In his sentence, Mr Justice Scicluna found that as regards the charges against Charles Pulis, the charges filed by one of the victims were time-barred. The other accused, Godwin Scerri was found not guilty of abusing one of the boys. However sentence was not changed.
The original sentence was delivered by Magistrate Saviour Demicoli in a judgement of over 100 pages. The cases happened some 20 years ago and th cases first came to public attention in September 2003.
The victims are seeking monetary compensation from the Church. Lawrence Grech, once of the victims, said on TVAM this morning that the Church was ‘an enemy’ which had cut off all contacts when the court case was instituted.
Hallelujah! Ex priest Godwin Scerri is finally behind bars where he belongs. Defrocked and behind bars. That’s the way it should be for every single one of these wolves in sheep’s clothing.
I wonder if the OPP have taken steps to have him extradited yet? If not, why not?
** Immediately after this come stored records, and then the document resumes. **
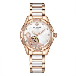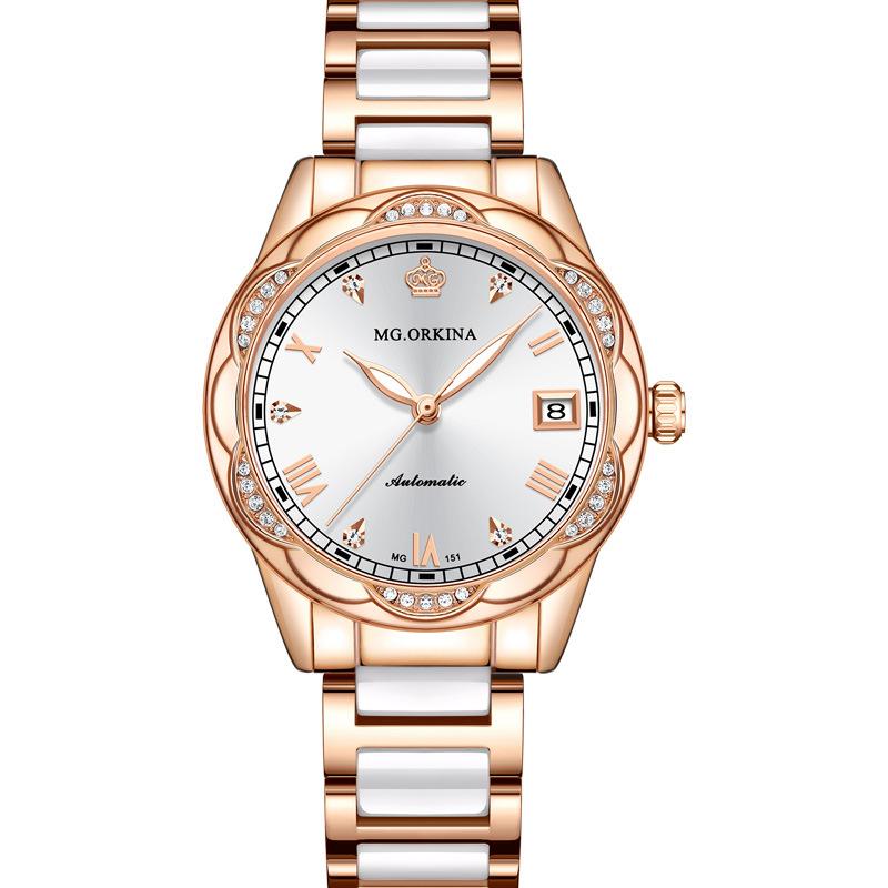 【全自動機械機芯】【陶瓷錶帶】【日曆顯示】MG.ORKINA高檔全自動機芯陶瓷錶帶櫻花鑲鑽鏤空錶盤手錶OL小資女錶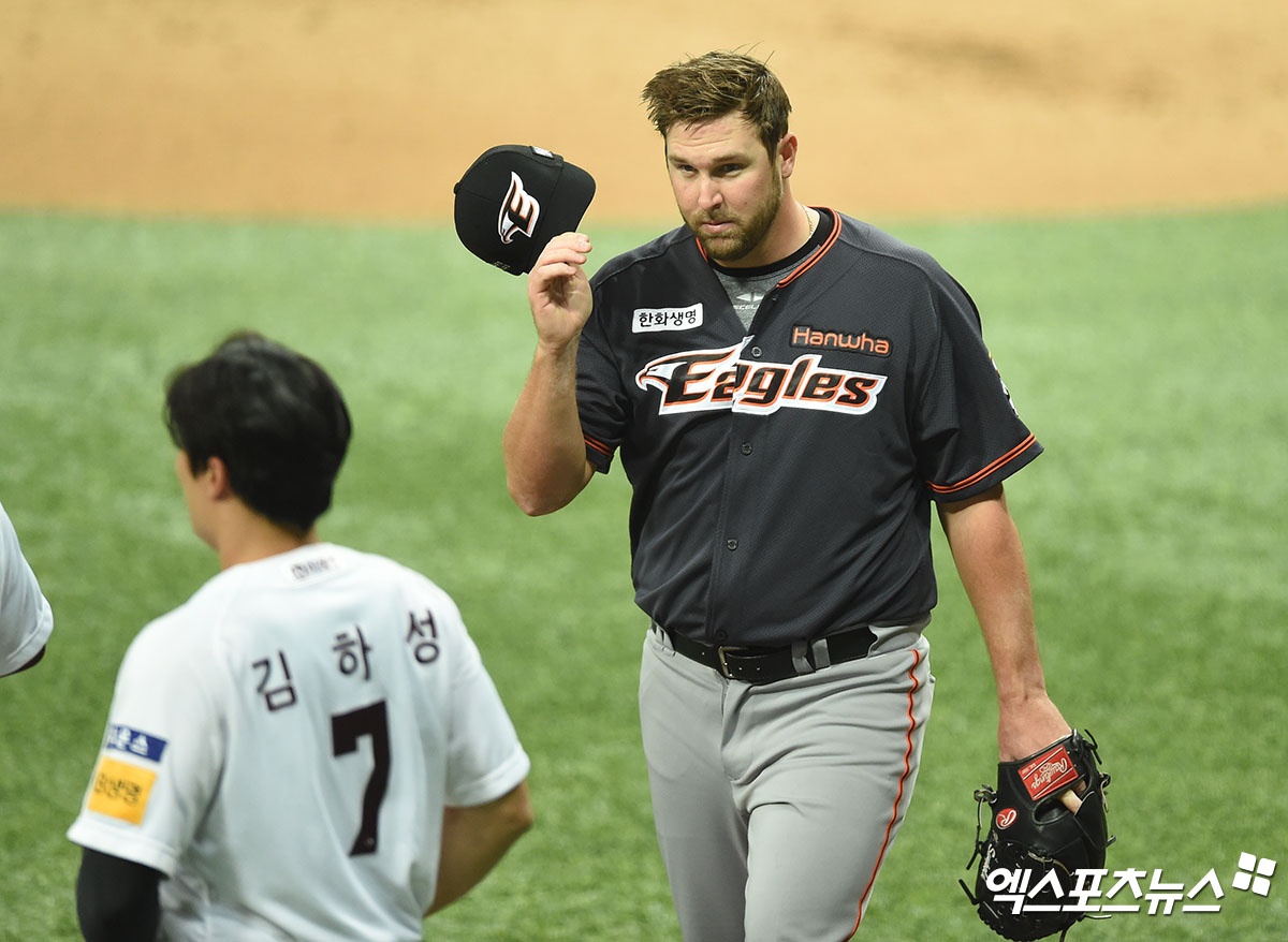 [엑스포츠뉴스 고척, 김한준 기자] 10일 오후 서울 구로구 고척스카이돔에서 열린 ‘2020 신한은행 SOL KBO 리그’ 한화 이글스와 키움 히어로즈의 경기, 1회말 수비를 마친 한화 선발투수 서폴드가 더그아웃으로 향하고 있다.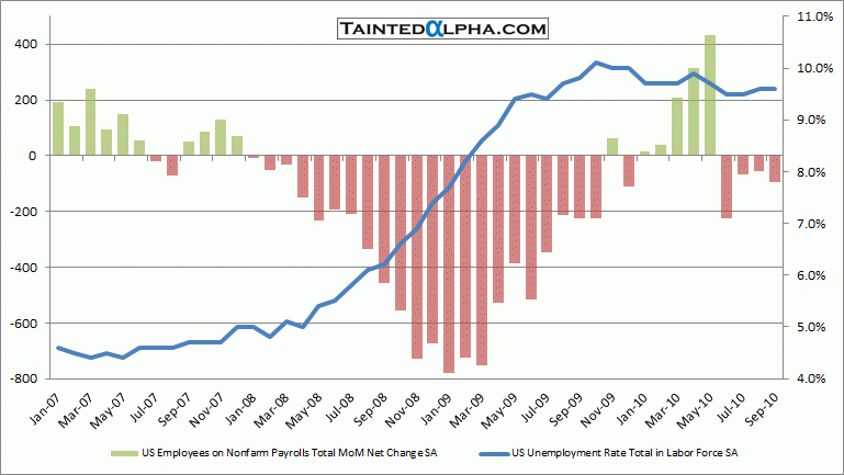 Nonfarm payrolls fell 95.000 in September. The consensus was at -8.000, August reading was revised (-3.000) decrease of 57.000. The unemployment was reported at 9.6% vs. prior reading of 9.6% and consensus of 9.7%.

26 August 2011: “Ontario police want Godwin Scerri to face charges in Canada” and comments
26 August 2011: OPP anxious for priest’s return
I think if they started the process now it should all be sorted out by the time he’s ready for release from the Maltese prison? and then they could just pack this fugitive off to the airport, pop him on a plane and straight to a courtroom in London Ontario? It should be done, should it not? Justice has finally been done in Malta, it must be done in Canada.